What is the fate of the sanctions against Russia?

The talks in Berlin will come just a day before European Union leaders gather for a regular summit meeting in Brussels at which Italy has reportedly insisted on a discussion about whether to loosen sanctions.

Ms. Merkel has indicated that if the Russian bombardment of Aleppo constituted a war crime, further sanctions against Moscow might be in order.

Foreign Minister Frank-Walter Steinmeier of Germany has voiced criticism of the Russian behavior, even as his party, the Social Democrats, strives to extend a hand to Moscow. That outreach attempts to recall the days of Willy Brandt, the former chancellor of West Germany, and his Ostpolitik, the tactics of which are said to strike a chord with voters as elections approach.

Ms.

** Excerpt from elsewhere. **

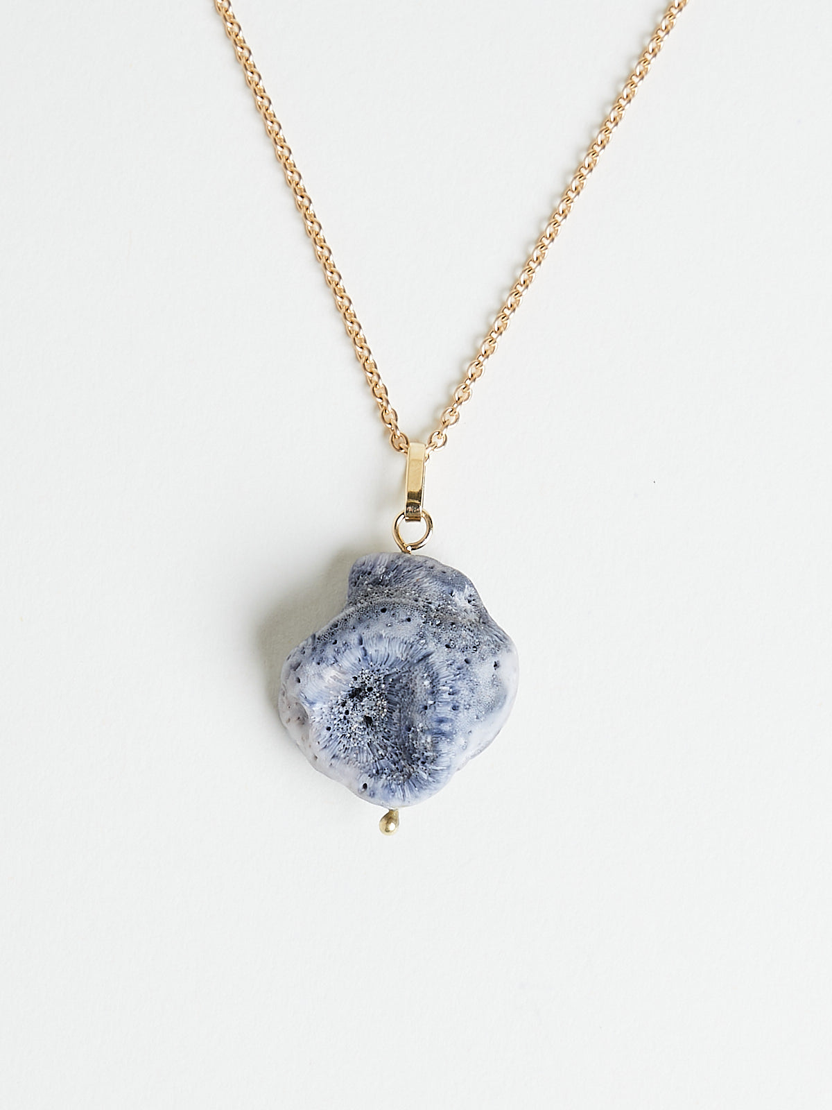 Handmade pendant with a pierced natural stone with 18k yellow gold details.

Merkel cautioned on Tuesday that a breakthrough was unlikely. “No one should expect miracles from the meeting,” she said, noting also that Russia’s conduct had made matters worse. “The situation has become even more disastrous as far as humanitarian matters are concerned, and that is quite clearly because of Syrian and Russian air attacks on helpless people, hospitals, doctors,” she said.

On Monday, Ms. Merkel’s spokesman, Steffen Seibert, made clear that her government, made up of her conservatives and the Social Democrats, considered sanctions to be an option.